Colorado’s workers’ compensation laws didn’t magically appear one day out of thin air. Many years of trial and error, thought and effort went into producing a system to compensate workers for on-the-job injuries.
Workers’ compensation laws were what the Rocky Mountain Law Review put as “the first great venture into social security by the people of America” and the first social safety net – around long before the institution of Social Security and unemployment insurance.
Before workers’ compensation in Colorado and the U.S., injured workers had to prove negligence on the part of the employer or a fellow employee before compensation was awarded…or in attorney lingo a “common law” remedy.
Much of the case law prior to the enactment of Colorado workers’ compensation reflects thinking from a different time. For example, an injured railroad worker in 1898 dislocated his shoulder and broke his upper arm and was not allowed to see a doctor for 17 days. Colorado’s Supreme Court reversed the decision of a lower court, saying the employer was not negligent because the worker’s injuries were not life threatening.
The failure of common law remedies to protect employees from on-the-job injuries eventually led public sentiment to demand an administrative system of workers’ compensation.

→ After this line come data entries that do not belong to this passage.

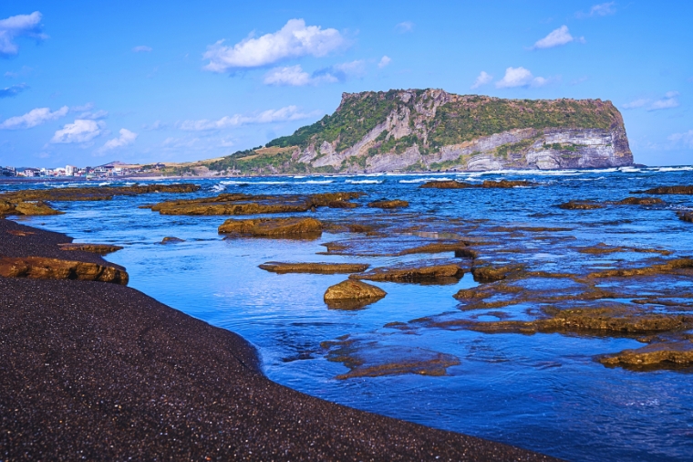 【城山日出峰】為漢拏山360個止火焰山之一,也是世界最大的突出於海岸的火山口,攀登30分鐘左右到達山頂;由此也可觀看日落,加上可以瞭望一片廣闊的牧場,美不勝收,令人嘆為觀止,遠眺這山峰綺麗景色。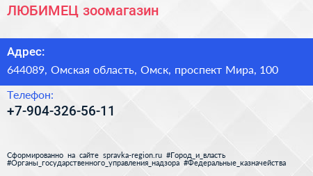 ЛЮБИМЕЦ, зоомагазин по адресу 644089, Омская область, Омск, проспект Мира, 100 в дальнейшем Организация, размещена в следующих категориях: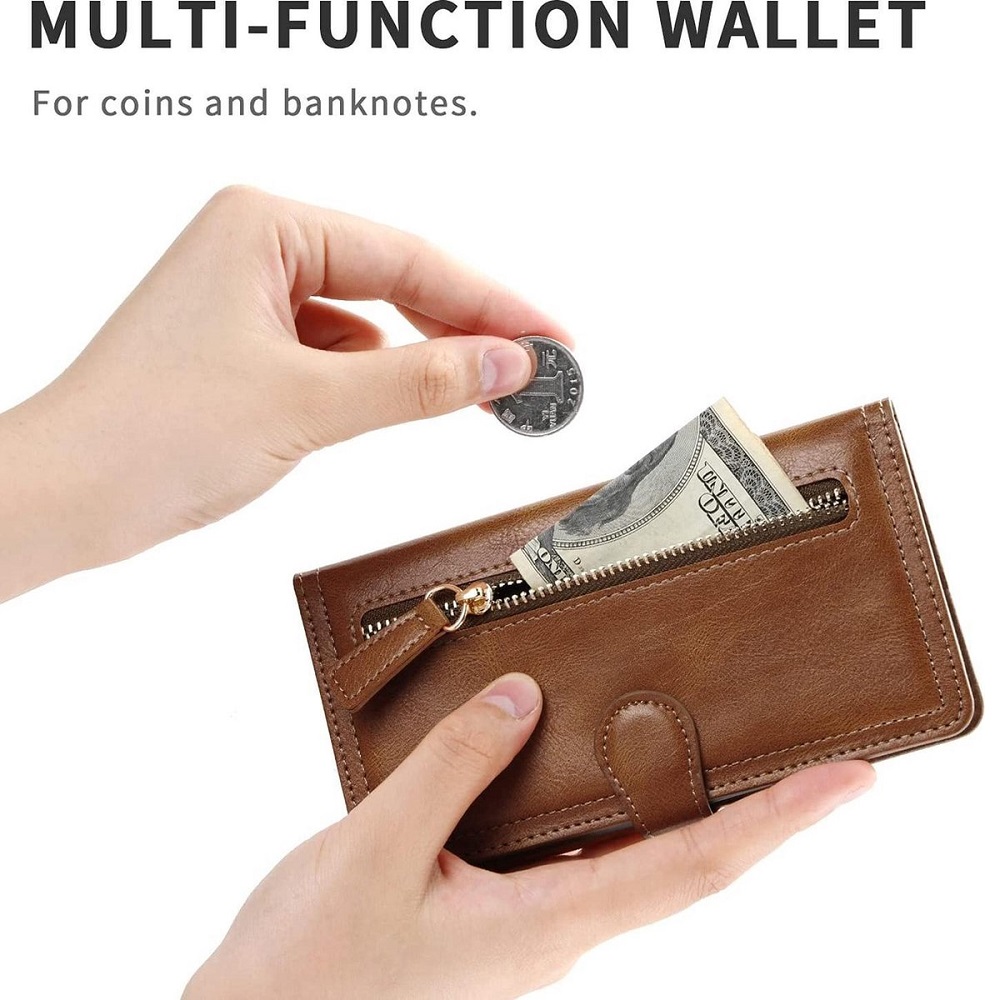Hoesje geschikt voor Samsung Galaxy S21 Plus Book case met ritssluiting van LuxeBass – Flipcover – Magnetisch – 5 kaarten houder – Donkerbruin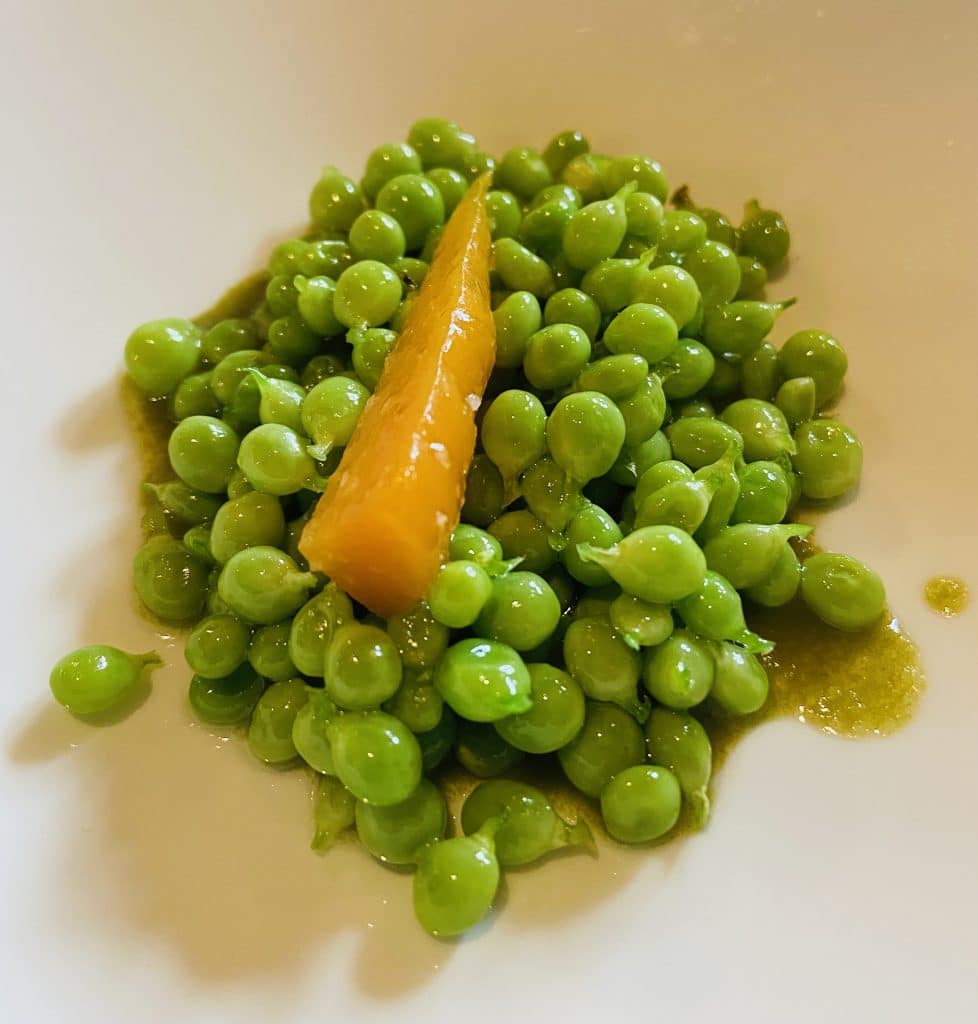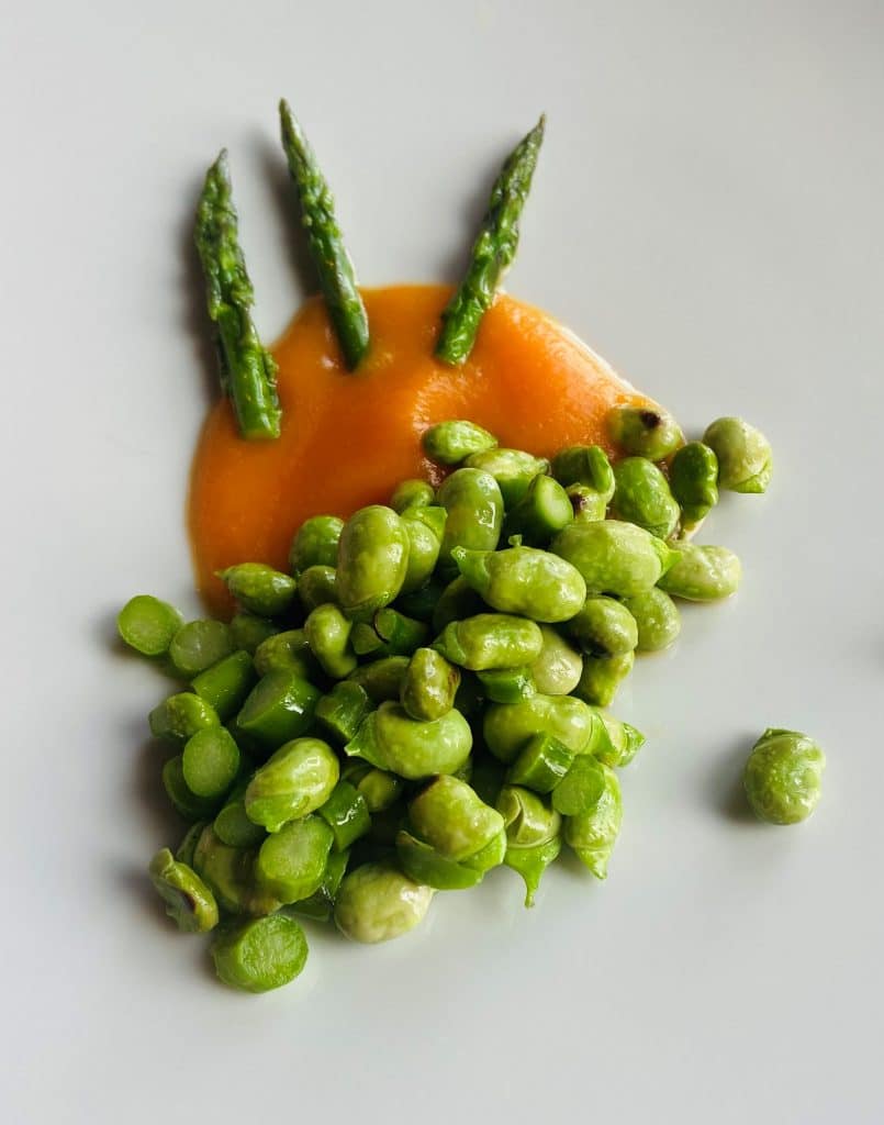 Unas habas tiernas con una crema de calabaza y espárragos.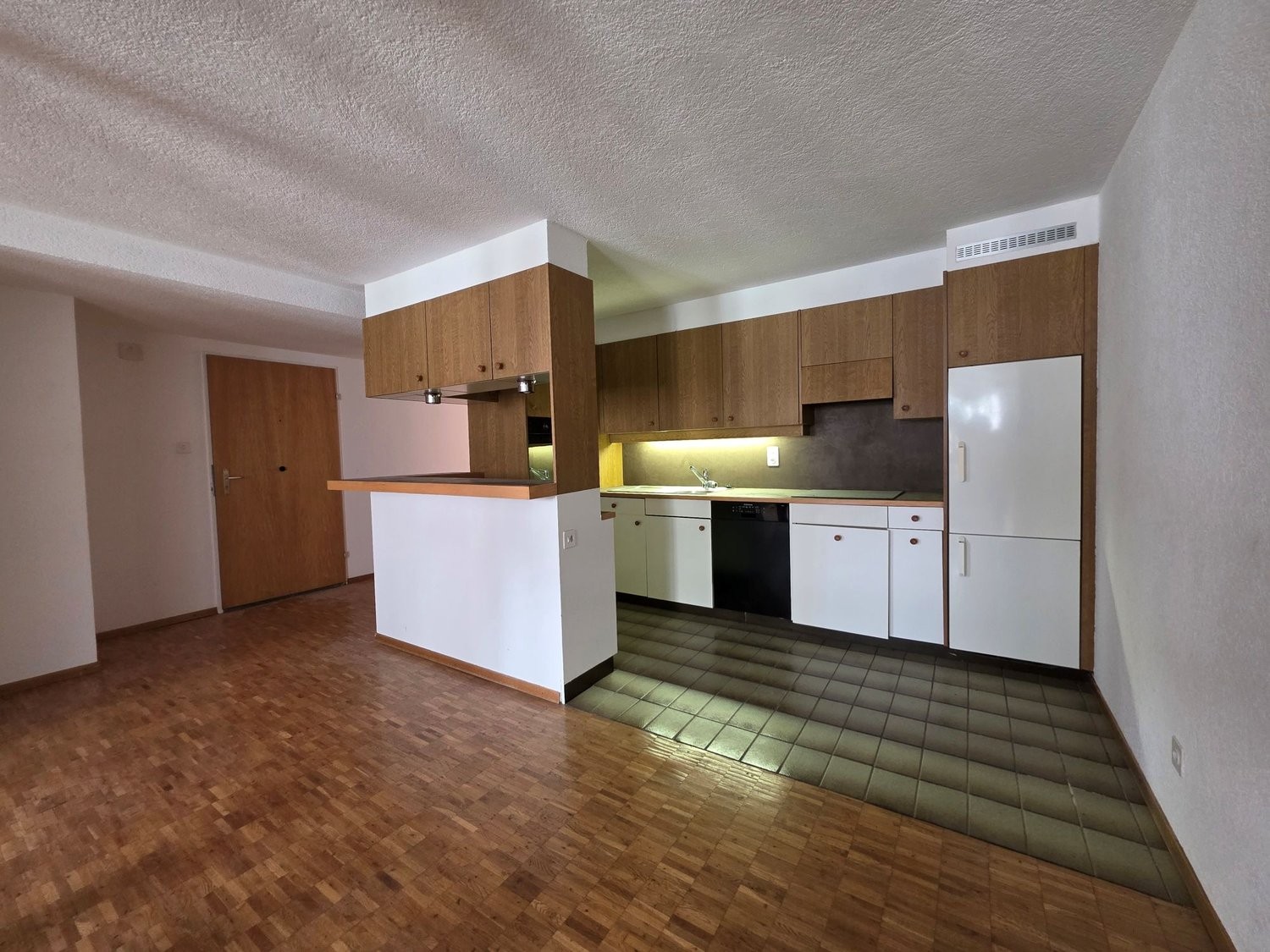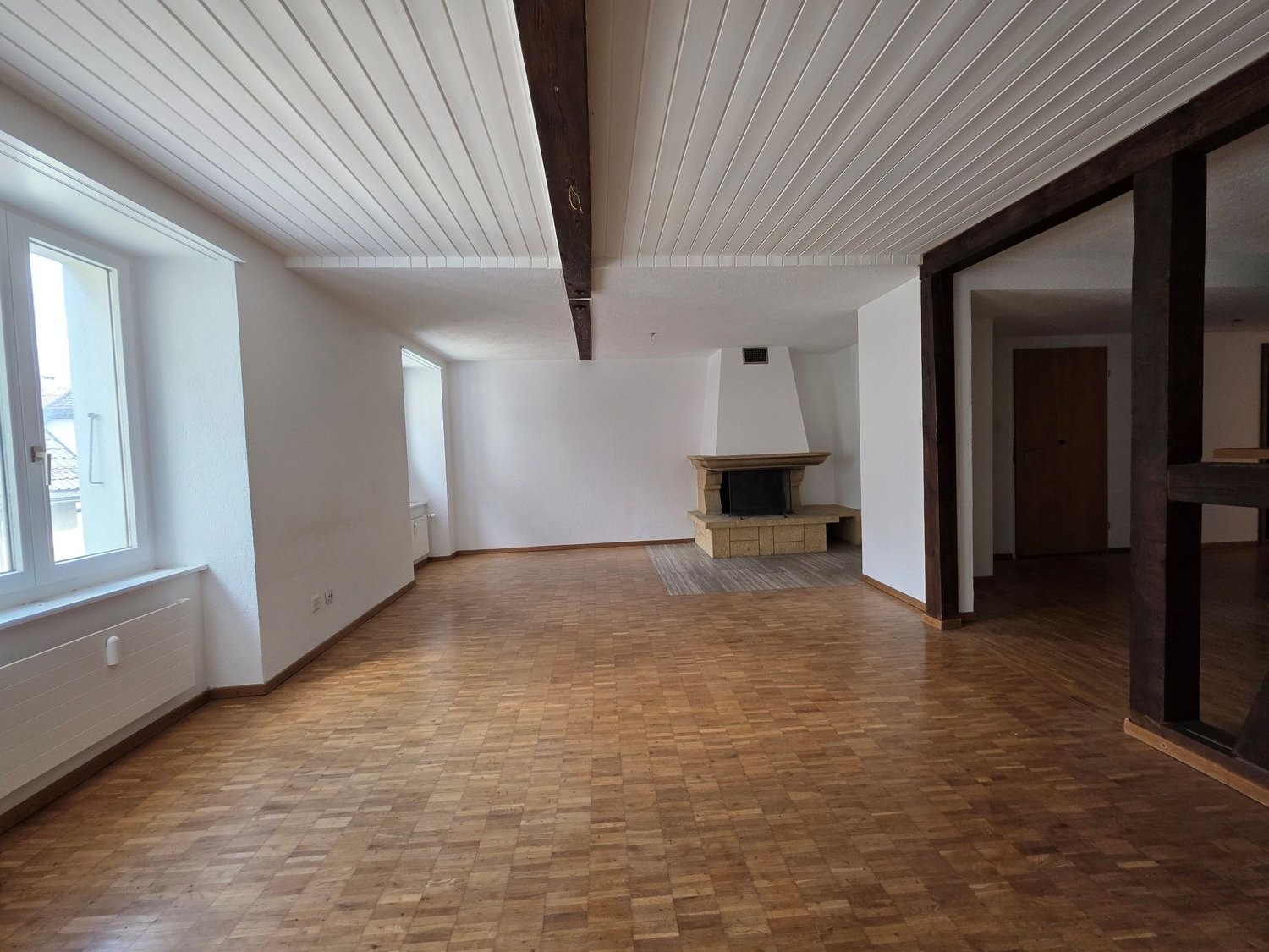 BEAU ET GRAND LOGEMENT AVEC CHEMINEE ET CACHET Cuisine agencée (cuisinière vitrocéramique, four, hotte de ventilation, frigo-congélateur, lave-vaisselle) ouverte sur coin à manger avec parquet, grand salon avec cheminée et parquet , 2 chambres avec parquet, hall avec armoires, salle de bains/WC neuve , dépendances, chauffage central, poutres apparentes .

The goal of workers’ compensation laws in Colorado and across the U.S. was to shift the economic burden of an on-the-job injury from the employee to the industry and thus, the consumers of products and services of that industry.
Rationale for the system benefits both the employer and the employee. An injured employee no longer had to worry about being financially or emotionally ruined by an on-the-job injury, regardless of fault. Workers’ compensation offers a more dignified means of support during recovery, designed to provide injured workers a fixed, reliable source of income during a disability.
In the beginning, a worker had to be disabled for at least 3 weeks to receive wage loss, or temporary disability benefits. An injured worker would receive either 50% of their average weekly wage or the maximum allowance of $8 per week. Today, they receive 2/3 of their average weekly wage or a maximum allowance of 91% of the state’s average weekly wage.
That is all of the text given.